No dia 15 de dezembro de 2013 um conflito político gerou uma guerra civil no Sudão do Sul. Em poucas semanas essa guerra chegaria à missão de Leer e se tornaria um grande sofrimento para o povo. Estevão Gany levou sua família para um lugar distante e seguro, pois Daniel não conseguiria fugir dos ataques e confrontos armados.
A guerra chegou e no fim de janeiro de 2014 os missionários e as missionárias Combonianos foram obrigados a deixar a sede da missão e se refugiar no mato com o povo a quem serviam. Enquanto procuravam refúgio, os missionários foram atacados por soldados, que levaram todos os seus pertences e por pouco não lhes tiraram a vida. Também a sede da missão foi saqueada e parcialmente destruída.

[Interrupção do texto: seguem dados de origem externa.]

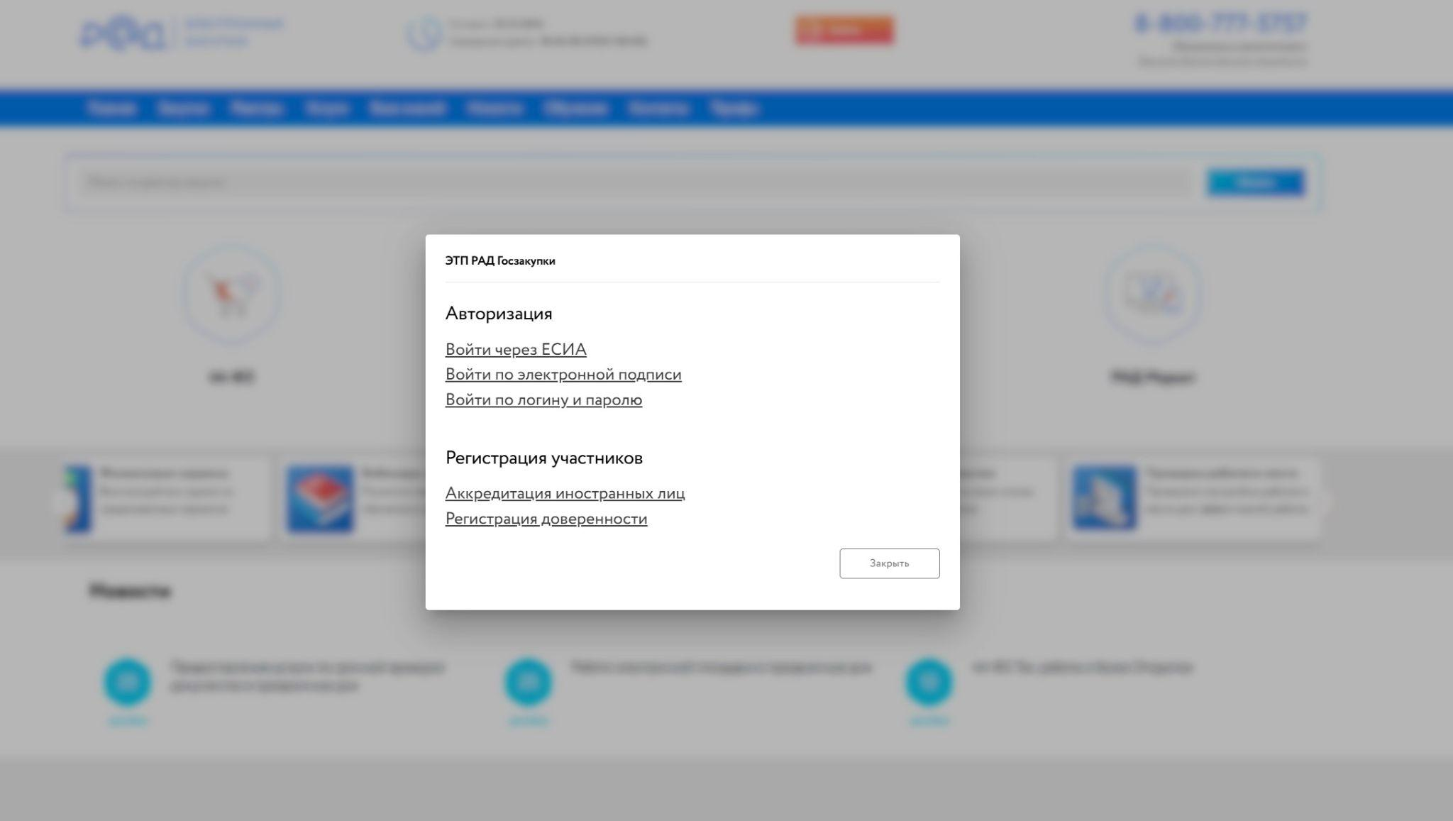 Зарегистрироваться здесь можно только через ЕИС.

Depois do ataque, os missionários permaneceram por 18 dias refugiados no mato sobrevivendo com pouca comida. Restavam-lhe a roupa do corpo, um pouco de dinheiro e a providência divina que se manifestava através dos cuidados e ajuda do povo.
Estevão Gany soube que os missionários haviam sido atacados e que tinham perdido quase tudo. Ele então caminhou por dois dias até encontrar o grupo de missionários que tinha formado com o povo uma ‘comunidade de refugiados de guerra’ debaixo de árvores e a céu aberto. Encontrou-os. Foi grande a alegria proporcionada por este encontro.
Esse líder de comunidade e seu povo sentiram-se fortalecidos pela opção e presença dos missionários que arriscavam as suas vidas para estar com a comunidade naquela situação difícil. Ficaram juntos um dia inteiro. Próximo de sua partida, Estevão chamou o pároco e disse: “Abona (padre), antes de sair de casa, vendi uma cabra por R$ 300. Metade desse dinheiro eu vou levar para meu filho Daniel que está doente e com fome. Aqui está a outra metade para vocês missionários”.
De fato, nós missionários havíamos perdido quase tudo, nos tornamos pobres e vivíamos na mesma situação do povo. O gesto solidário de um pobre homem que era, porém, rico em generosidade e soube dar de sua pobreza, me fez sentir evangelizado e fortalecido pela solidariedade dos pobres a quem fomos evangelizar.
Pe. Raimundo Rocha, missionário Comboniano brasileiro. Trabalhou no Sudão do Sul durante sete anos. Os últimos quatro anos foram vividos num contexto de guerra. Hoje ele trabalha em São Luis, Maranhão. Os conflitos no Sudão do Sul diminuíram e há esperança de paz. Porém, a população ainda continua sofrendo as consequências dolorosas da guerra.